Phonetic design of overlapping speech in talk-in-interaction: A cross-linguistic study


Professor Bill Wells (principal investigator)

Dr. Guy Brown (co-investigator)

Emina Kurtic (research assistant)

Project summary

Participants in a conversation often speak at the same time, leading to overlapping speech; indeed, it has been estimated that up to 13% of the speech we utter during normal conversation occurs simultaneously with that of another talker. Given that conversations are generally perceived to proceed smoothly, the high occurrence of overlap in conversation requires explanation. However, phonetic science has largely neglected overlapping talk, and its potential theoretical importance for our understanding of linguistic structure and function have hardly been explored. An understanding of overlapping talk is also important for a number of practical applications, including those in which human-computer interaction is achieved through a speech interface.

Conversations normally conform to a turn-taking model, in which participants wait for others to stop talking before talking themselves. However, overlapping speech can be used by conversational participants to compete for the turn - in other words, overlaps are initiated in order demonstrate that the overlapper is interested in taking over the turn immediately, not when the current speaker has finished. Conversations also contain a large number of non-competitive overlaps that have different conversational functions. A common example are so-called backchannel continuers such as "uh-huh" that confirm the current talker's right to the turn. Given that both competitive and non-competitive overlaps are well attested in conversation, the question arises as to what linguistic resources are employed by participants in order to display an overlap as turn competitive or as non-competitive.
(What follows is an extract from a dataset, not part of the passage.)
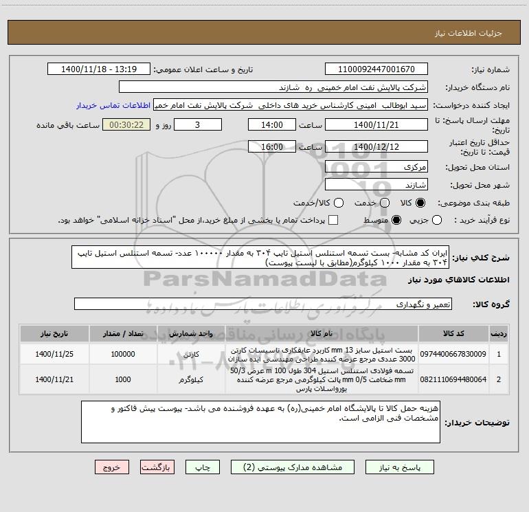 شرح کلی نیاز: ایران کد مشابه- بست تسمه استنلس استیل تایپ ۳۰۴ به مقدار ۱۰۰۰۰۰ عدد- تسمه استنلس استیل تایپ ۳۰۴ به مقدار ۱۰۰۰ کیلوگرم(مطابق با لیست پیوست)
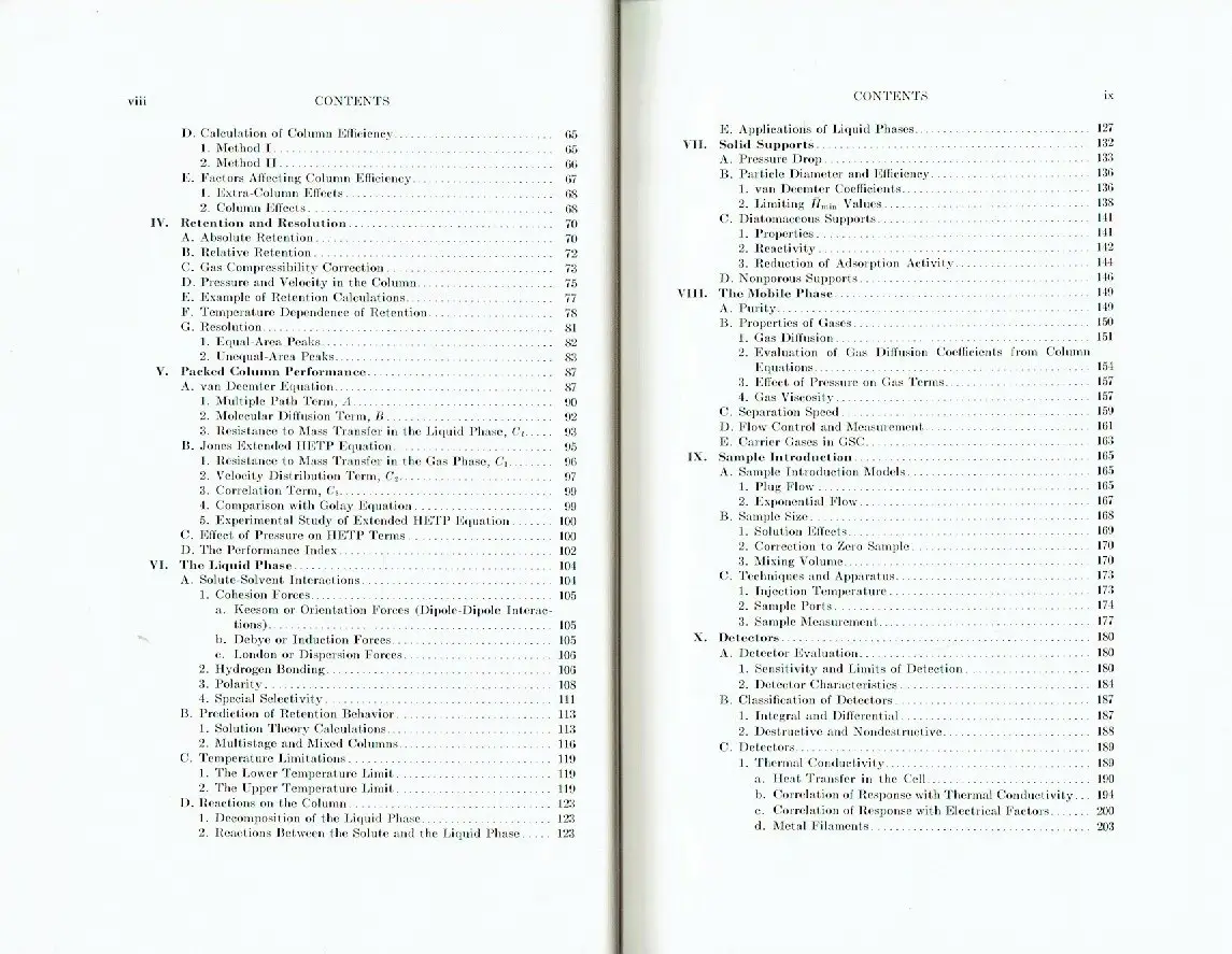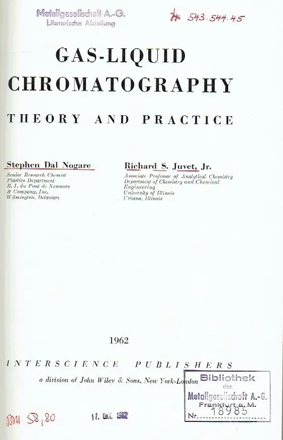 guter Zustand, Gebrauchs- und Alterungsspuren: ehemaliges Bibliotheksexemplar - Titel mit Stempeln und Notizen - Deckel innen mit angeklebtem Papierrest - Vorsatz und Schmutztitel mit weiterem Stempel - Seiten aber sauber und ordentlich - Rückseite wegen abgelöstem Aufkleber oberflächlich teils etwas verfärbt (beschabt), This book presents a comprehensive survey of the field of gas chromatography with, as the title suggests, primary emphasis on the gas-liquid technique. As noted in Chapter 1, the growth of this separation technique is increasing at a rate of more than 40 per cent per year, 10 years after its inception. This clearly is a tribute to the creativity of its inventor, Dr. A. J. P. Martin, without whose contributions chromatography would not be the broad and interesting area of endeavor it is. For the authors, this growth necessarily created complications, such as continual manuscript revision (to September 1961) and, later, limited revision of the galleys. A modest success in keeping abreast of the literature is indicated by the inclusion of numerous 1961 and a few 1962 references. This book is designed primarily for workers in the field of gas chromatography and for graduate students and industrial research chemists in chemistry, petroleum, food, medicine, and the many other fields in which this technique has proved so useful. It is hoped that this book will prove useful as a supplementary text in the several short courses in gas chromatography presented each year throughout the country. We have attempted to write the book in such a way that the beginner in the field would have a working knowledge of gas chromatography after reading the first four chapters. The remaining chapters discuss areas of gas chromatography in detail and are intended to acquaint the reader with the most recent advances. As a result of many discussions with individuals and groups, the authors have become aware of a need for relating the fundamentals of gas chromatography to parameters which can be experimentally con-trolled. To this end, theory, apparatus, and practice, together with a limited consideration of applications, have been combined in this volume. Care has been taken to include as much useful information as possible. In many cases, the theoretical conclusions have been correlated with laboratory experience, as reported in the literature or observed by the authors and their co-workers. This is emphasized in Chapter 2, dealing with practical aspects of gas-liquid chromatography. Additional experimental considerations are included in the chapters dealing with qualitative and quantitative analysis, trace analysis, the separation of high boiling compounds, special, Leinen, ca. 16 x 23,5, 450 Seiten mit zahlreichen Bildern

In answering this question, previous research has focused almost exclusively on the English language. There is therefore very little known about the similarities and differences between languages, with respect to overlapping talk, particularly in regard to its phonetic aspects. Also, previous work in the field has mainly used careful impressionistic listening rather than quantitative techniques. Our proposal aims to address the limitations of previous work by conducting a cross-linguistic study of overlapping talk, combining quantitative with qualitative methods. We will record an audio/visual corpus of conversations held in two European languages - Standard Southern British English and Bosnian Serbo-Croatian. The conversational participants will be recorded in a naturalistic setting (such as a meeting room) in their home country.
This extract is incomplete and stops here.